In previous posts, I have explored the decision to obtain a reverse mortgage, and the process that is necessary to produce such a decision. With today’s post, I want to explore a different process- that of actually obtaining a reverse mortgage.
1. Once you’ve decided that a reverse mortgage is right for you, the first step is to confirm that you are indeed eligible to obtain one. You can refer to our handy flow-chart in order to make sure that you meet all of the requirements. If there is any uncertainty, you can skip ahead to step two/three, and ask your prospective lender to confirm your eligibility.
2. The next step is to select the type of reverse mortgage that you wish to obtain. While for many, an HECM reverse mortgage is the obvious choice, it also makes sense to examine single-purpose and proprietary reverse mortgages, as they may offer better terms. I explained the difference in a previous post.
3. Depending on which type you’ve selected, you will then need to identify a handful of suitable lenders and establish contact with them. You can find a list of single-purpose reverse mortgage lenders here. If you’re looking for an HECM lender, I would recommend browsing the National Reverse Mortgage Lenders Association (NRMLA) lender listings. You are advised to avoid responding to solicitations and to avoid working with intermediaries (brokers, estate planners, etc.), who will simply steer you to favored lenders and take a commission for doing so.
4. Obtain quotes from each of the lenders, including the interest rate, origination fees, and insurance costs. Some lenders have started to waive certain fees, and you might be surprised by how much they now differ. In such cases, make sure that there are no strings attached, and try also to understand how, if it all, mortgage terms vary between lenders.
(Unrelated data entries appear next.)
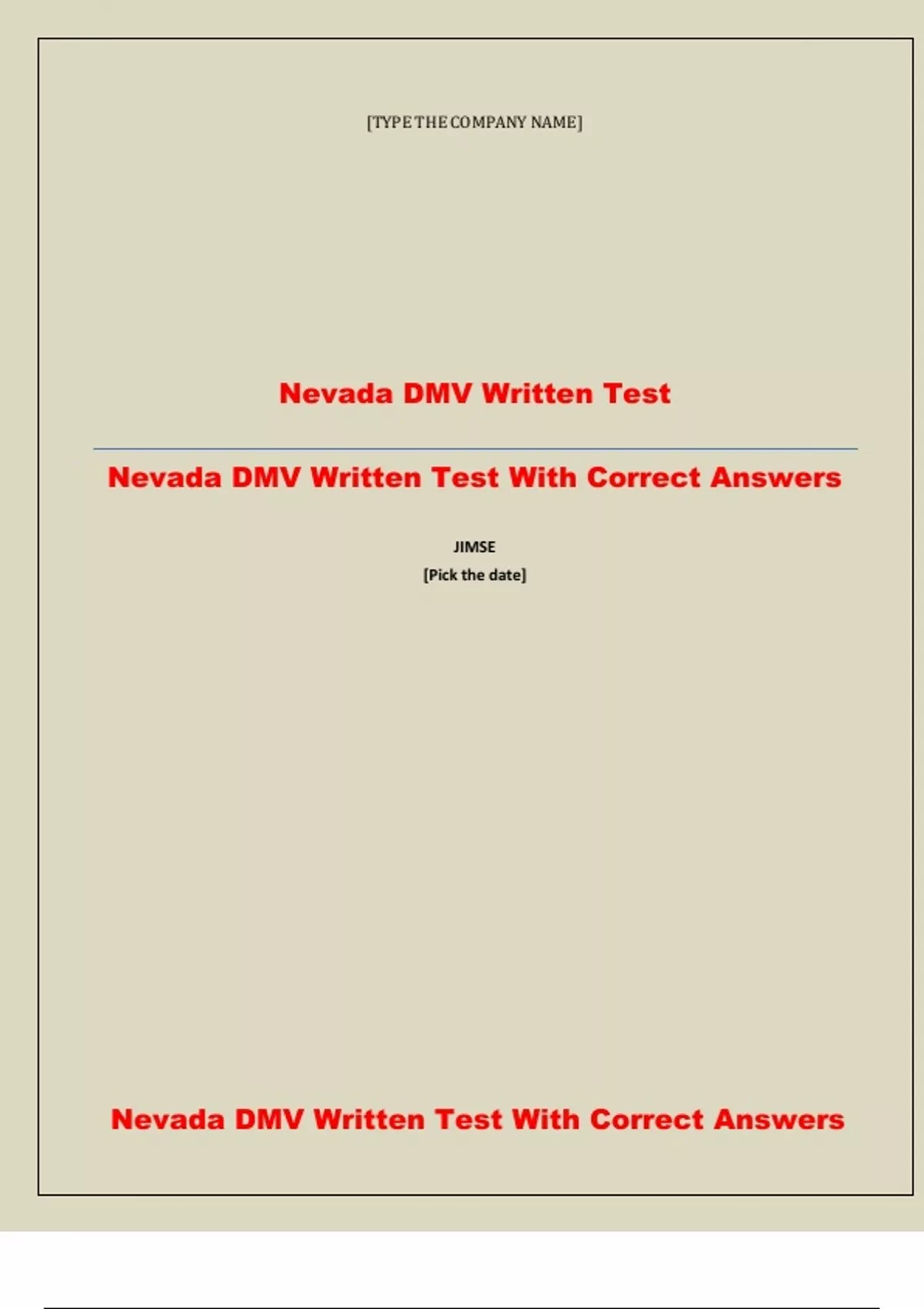 , Nevada DMV Written Test With Correct Answers
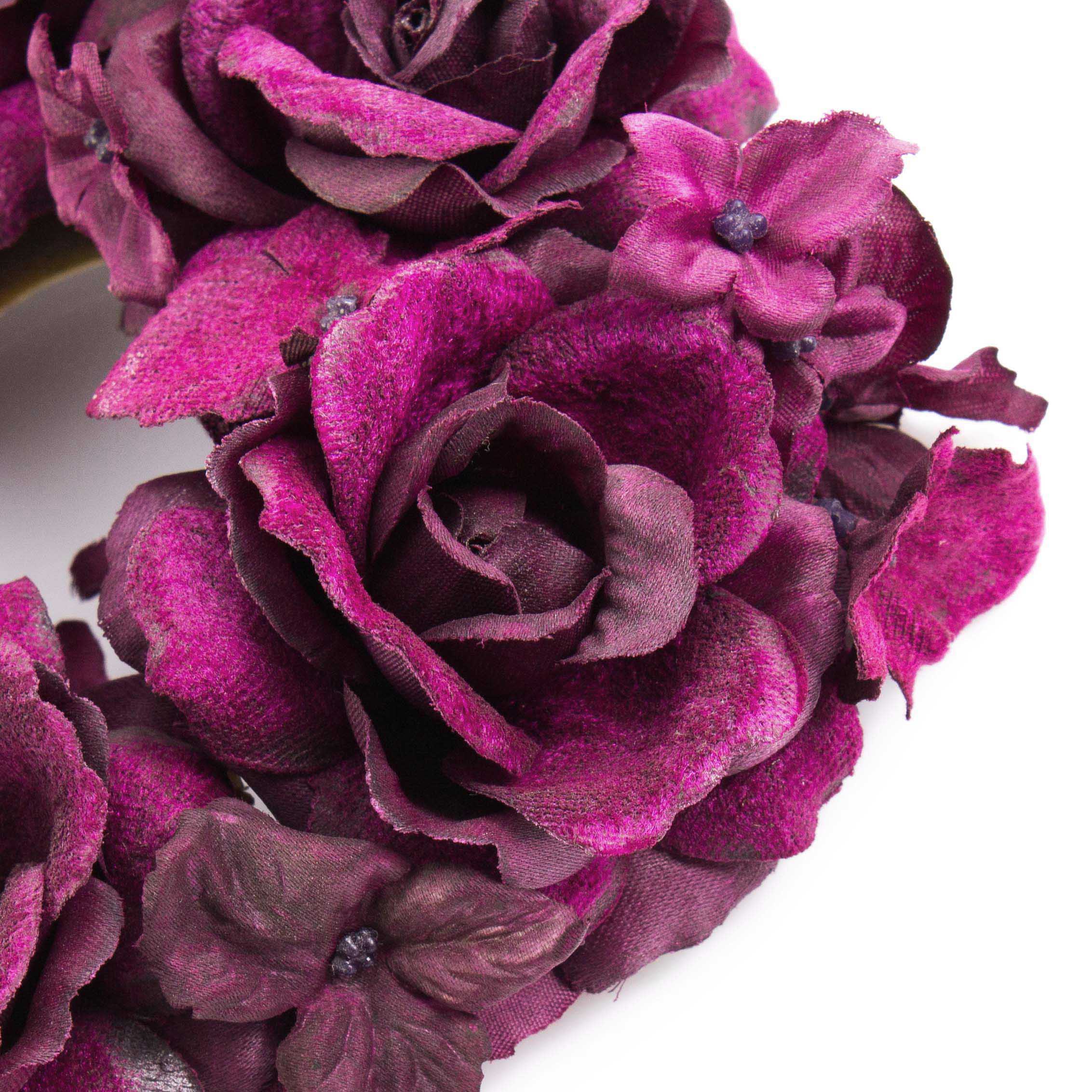 - Consisting of rose heads and many hydrangea flowers crafted from high-quality textile fibre, partly with velvet look satin glossy
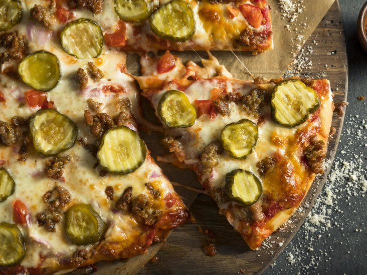 Гамбургеры или чизбургеры любят практически все, но привычный формат может надоесть (читайте также: Пальчики оближешь: 4 лучших рецепта домашних бургеров). Однако это не проблема, ведь можно съесть бургер в виде пиццы. По вкусу вы практически не найдете отличий за счет правильно подобранного сочетания ингредиентов: фарш из говядины, чеддер, моцарелла, маринованные огурцы, томаты, лук и, конечно, соусы барбекю и томатный. Тем более, что любимый вкус в виде пиццы безопаснее для фигуры — начинка подается на тонком тесте, а не с булками.
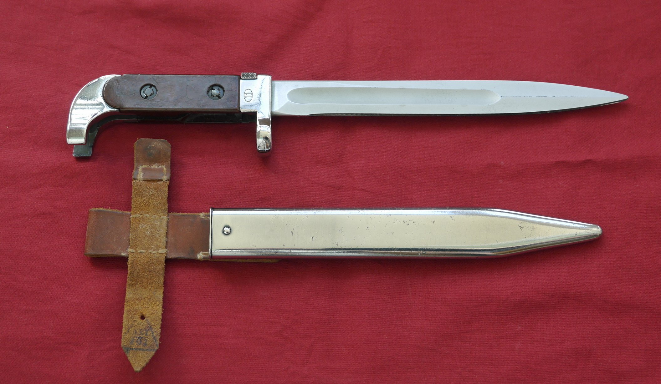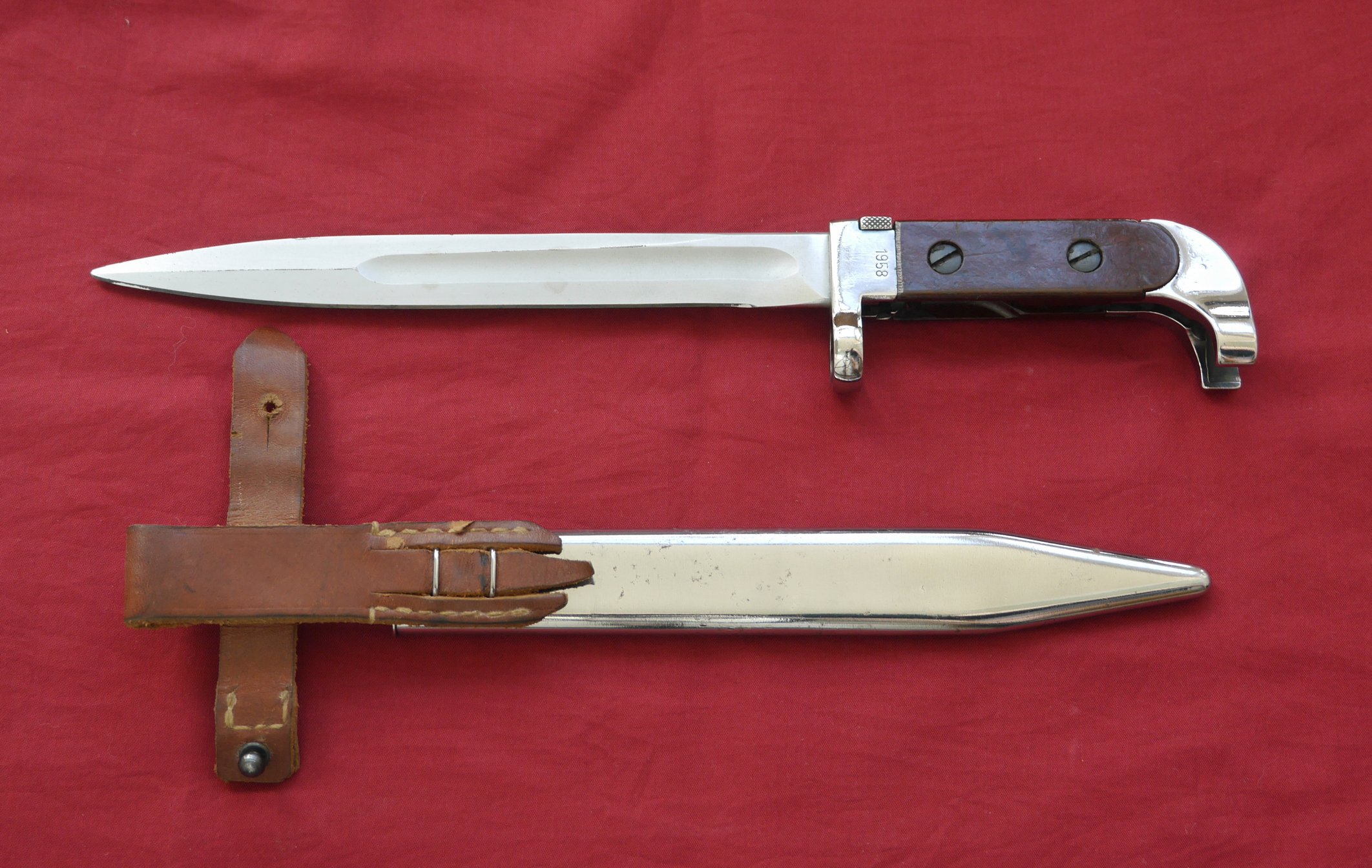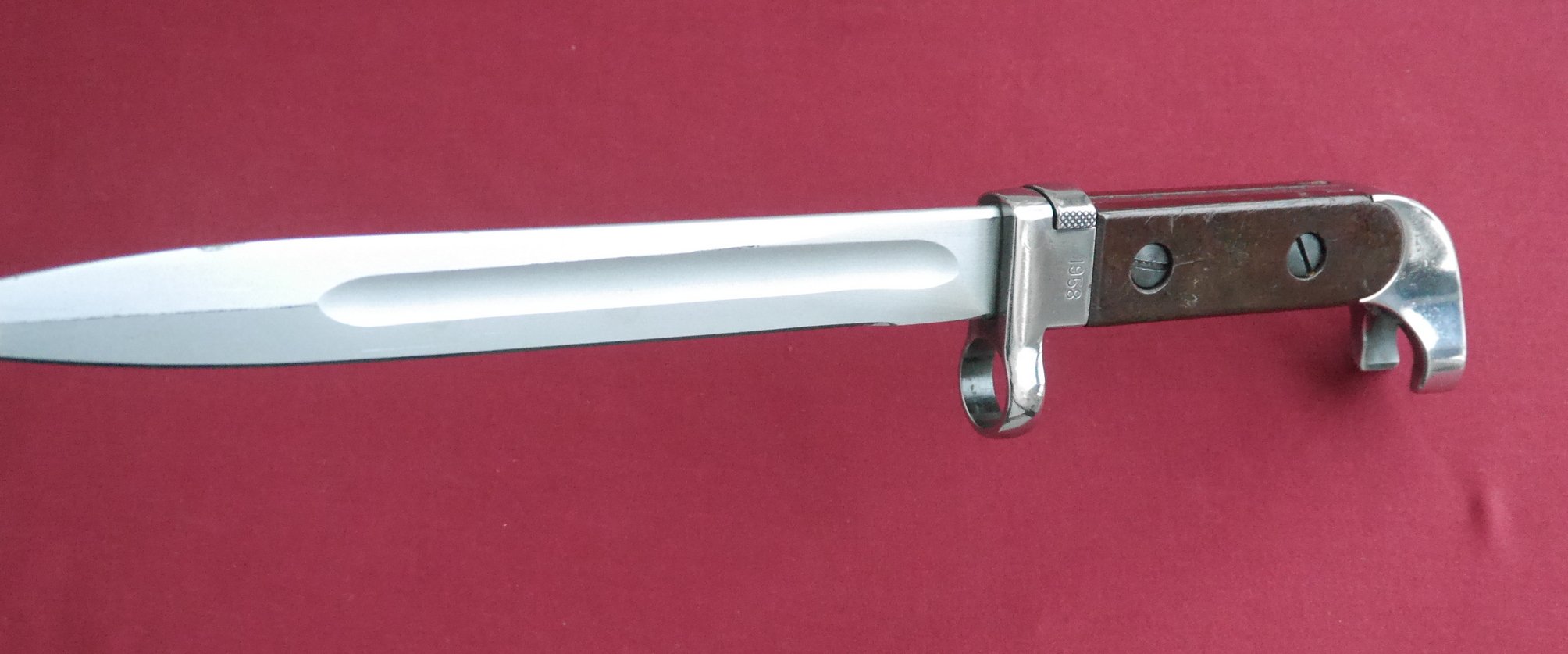Sorry, but this is not a parade/dress bayonet and scabbard. If you read the accompanying text on page 20, the parade/dress bayonet is on the right side of the page pictured above, (Foto 1.7a). It has the metal hilt and scabbard body chrome plated which does not show up well in the picture.
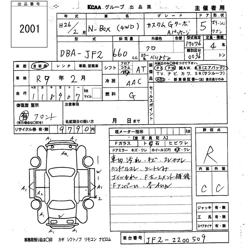 HONDA N BOX CUSTOM 2014 г., лот № 2001
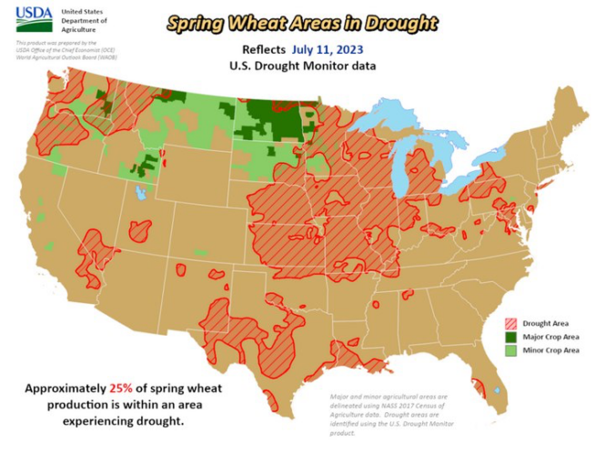 Figure 2 – USDA figures that overlay acres under drought and the major corn, soybean and spring wheat production areas of the United States for July 11, 2023 (Source: USDA).
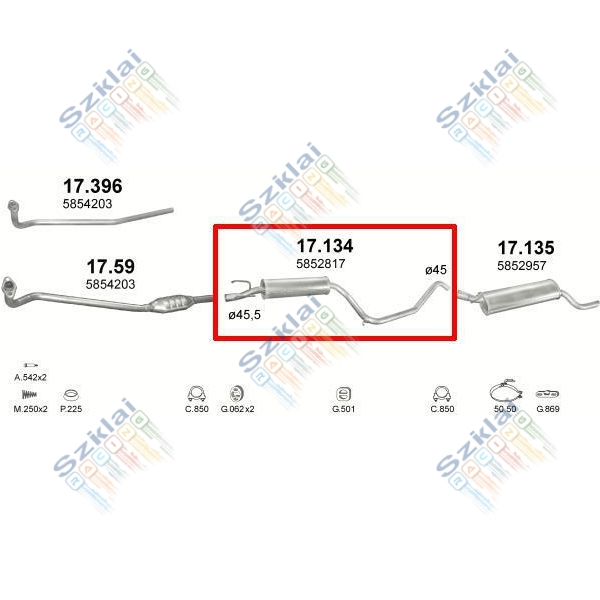 Katalógus | Nem besorolt > Kipufogódob, közép, Opel Combo, 1.2-1.7, 1993-2001.10

5. On the basis of the quote and face-to-face meetings, you should select a lender and begin the application process. At this point, you will have to decide how you want to accept distribution of the proceeds, whether as a lump-sum, monthly (term/tenure) payment, and/or line of credit.
6. At this point, the lender will begin to process your application and appraise your home. Aside from your age, this appraisal is the biggest variable in determining the size of the reverse mortgage for which you are eligible. Remember: you don’t need to take all of these funds. You can choose the size of your mortgage, as long as it falls within the limits set by the FHA.
7. Before the loan can close, you will need to complete a counseling session with a HUD-approved organization, and present the certificate from the session to your lender.
8. After the lender signs off on the paperwork, the loan is closed. From this point, you have three days to review your decision, and if you’re not satisfied, you have the right to a penalty-free cancellation. If you choose not to exercise this right, the funds will be distributed to you in the manner that you specified, and the reverse mortgage will begin accruing interest.